Subject: Re: BUG IN IF_ED DRIVER PERSISTS UNTIL TODAY.
To: Brian Buhrow <buhrow@cats.ucsc.edu>
From: Charles M. Hannum <mycroft@mit.edu>
List: tech-kern
Date: 08/30/1996 15:36:21
buhrow@cats.ucsc.edu (Brian Buhrow) writes:

> 
> 	The problem is  in the handling of a hardware error condition.  If the
> card resets during a particularly busy set of traffic flows, the ring
> buffer pointers can get balloxed up, causing data corruption in the
> outgoing packet.  While TCP will detect that the packet didn't make it to
> its destination, it will wrongly resend the generated packet, which is now
> garbage, thanks to the fine chip makers at National Semiconductor, which
> won't get through because the packet doesn't pass the IP checksum, which,
> of course, it shouldn't.
> 	The problem in the driver is that if it resets the card, due to the chip's 
> failure, it doesn't return a different status to the sending output
> routine.  Here's the relevant section of the driver.
> routing.
>
> [...]

The first piece of code you quote has to do with packet reception.
This code `can't fail', unless we are out of mbufs, in which case the
packet is silently dropped.  I don't see a problem here.

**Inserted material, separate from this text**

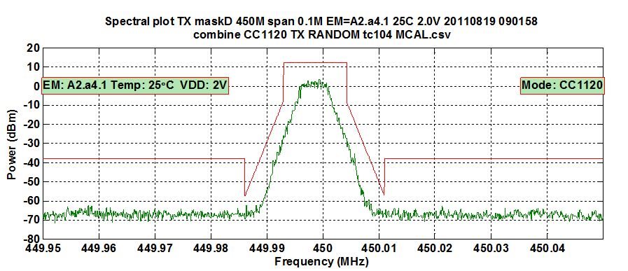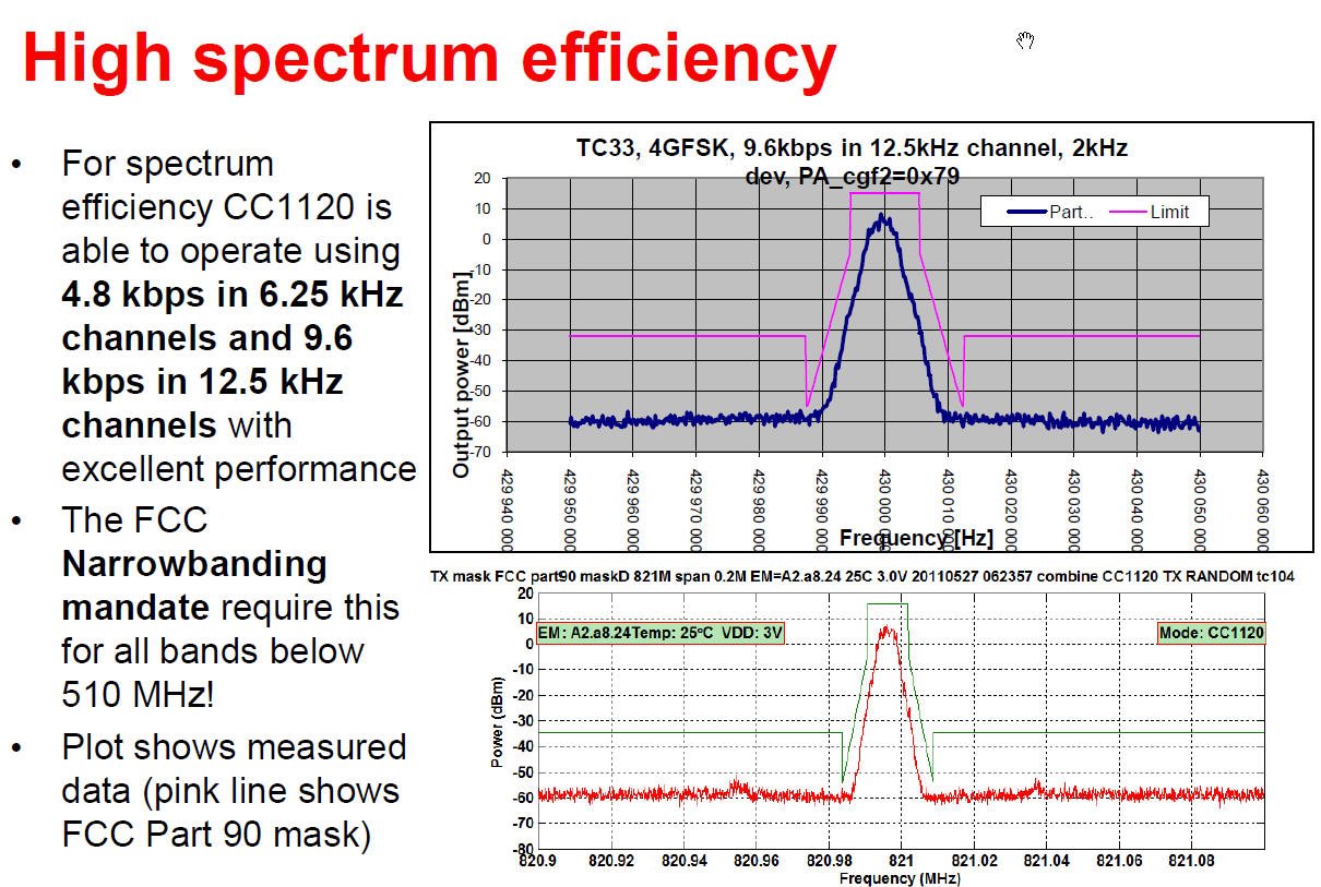 HI, I am looking at using CC1125 or CC1175 in design for radio to meet ETSI 300-113. I am concerned with adjacent channel power (> = -60dBc) and have recently found a TI presentation on LPRF (from 2011) showing spectral plot for CC1120 in narrow band (12.5KHz channel) transmit at 9K6bps 4GFSK.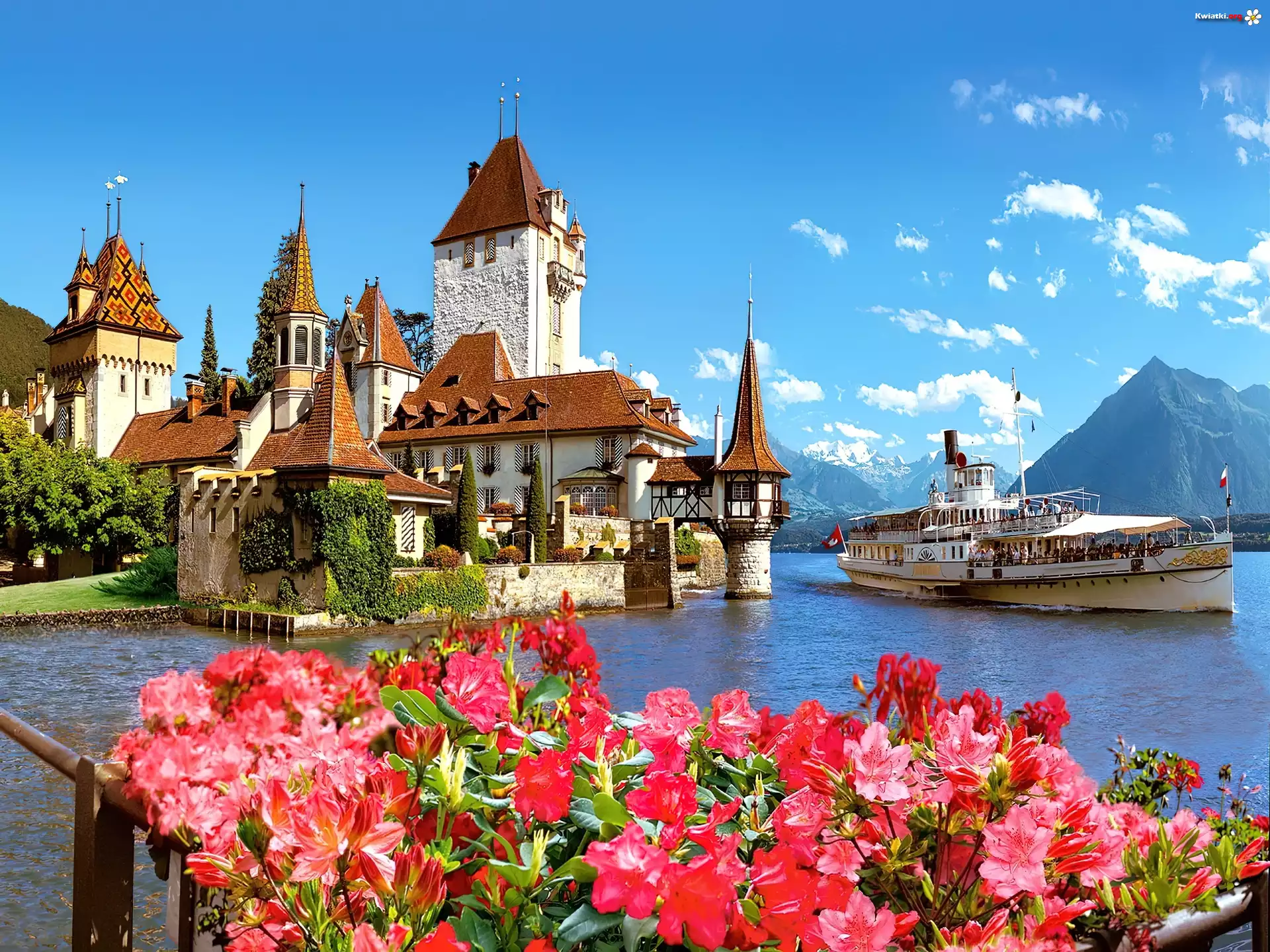 Wiosna, Park, Tulipany, onkile, awka, Drzewa Fioletowy, Kwiat, Cykoria Podrnik Ogrd, Czosnek, Ozdobny, Alejki

The second piece of code has to do with packet transmission.  This
code doesn't modify the mbufs in kernel memory, so there's no way it
could corrupt the retransmissions.  So far, I still don't see a
problem.

The one place I do see a (minor) problem is that, even if the transmit
DMA fails to complete, we send whatever happens to be in the device's
memory as a packet (*once*).  This will almost certainly result in the
packet being dropped whereever it arrives.  So far, I *still* don't
see a problem.  In addition, unless you're actually seeing `remote
transmit DMA failed to complete' messages, this isn't relevant at all.
(This should be fixed anyway, of course.)

I believe your analysis is incorrect.